The persistence of belief in many people in the paranormal explanation is significant; even after Bower and Chorley confessed and publicly demonstrated how they made crop circles, lots of believers invested a great deal of time and effort into arguing that the crop circles still must have a paranormal explanation. Going to such lengths to salvage the paranormal explanation over the natural one indicates that the desire to believe in spooky, supernatural, unusual, or extreme causes is often more powerful than our ability to reason clearly.

Consider another case. In 1933, a surgeon and colonel, Robert Wilson, was visiting a remote loch in the Scottish highlands when he took a now famous picture of a mysterious shape on the lake.

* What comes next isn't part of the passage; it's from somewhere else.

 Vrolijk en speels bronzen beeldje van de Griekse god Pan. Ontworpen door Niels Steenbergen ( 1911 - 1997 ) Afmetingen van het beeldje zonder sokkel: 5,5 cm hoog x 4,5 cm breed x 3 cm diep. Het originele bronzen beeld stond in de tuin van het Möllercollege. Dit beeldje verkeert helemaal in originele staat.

When enlarged, the picture seemed to reveal a creature’s head rearing up from the cold, dark waters of the deep lake. In the years that followed, this pictured spurred a flurry of activity in Loch Ness, stimulating expeditions, sonar surveys, film projects, scuba investigations, and countless visits to the lake in search of the Loch Ness Monster, or Nessie as it became known. Wilson's picture seemed to spawn a host of other sightings of nessie. More blurry photos came to light. Lots of visitors began testifying that they too had seen the monster. In fact, many people went to Loch Ness with the sole purpose in mind of seeing the monster. They arrived at the lake excited and primed with powerful expectations that there was a monster lurking in the waters, and not surprisingly many of them went away claiming to have experiences that fulfilled those expectations.

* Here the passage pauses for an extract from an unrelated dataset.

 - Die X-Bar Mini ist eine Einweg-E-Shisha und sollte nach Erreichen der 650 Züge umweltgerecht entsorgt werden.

In 1993, two Loch Ness researchers, David Martin and Alastair Boyd tracked down a lead on the picture to Christian Spurling, who was now 90 years old and dying. Spurling admitted that he had collaborated with Duke Wetherall 60 years earlier to construct a plastic and wood head over the body of a toy submarine. Wetherall was pursuing a vendetta to embarrass the British newspaper, The Daily Mail. The neck on the toy monster was a mere 8 inches long, even though other Nessie investigators had insisted that it must be over three feet long. They also discovered that Wetherall was responsible for stamping fake Nessie foot prints in the mud on the bank of the Loch with a baby hippo foot that was probably part of an umbrella stand. One of the most celebrated and allegedly sound pieces of evidence for the existence of the Loch Ness Monster was also a hoax.

Consider another case: In 1967, Roger Patterson and Bob Gimlin went into the northern California woods of Bluff Creek, armed with film equipment and planning to gathering photographic evidence for the existence of Bigfoot, a legendary 7 feet tall hairy biped that was alleged to live in the woods of the Pacific northwest. Their expedition appeared to be a success when they returned with film footage of the creature walking across an open glade. In the jumpy and brief piece of film shot from about 100 yards, the creature takes several large strides away from the camera, pauses to look back, and then disappears into the woods. Again, paranormal enthusiasts and Bigfoot researchers embraced the film, proclaiming it to be definitive authentic evidence that Bigfoot exists. Sightings of Bigfoot soared as did the flagging sales of Patterson’s previously published book on Bigfoot. A few doubters suggested that it was a man in a monkey suit. Patterson died 5 years later of cancer. In March of 1992, Bob Gimlin admitted that he might have been fooled. He said it was possible that Roger concocted the whole thing and Bob was an unknowing eyewitness to an elaborate hoax. Another rumor that has circulated for years, and been corroborated by John Landis, the famous movie director, was that a special effects man named John Chambers, of the Planet of the Apes movies fame, designed the suit for the hoax.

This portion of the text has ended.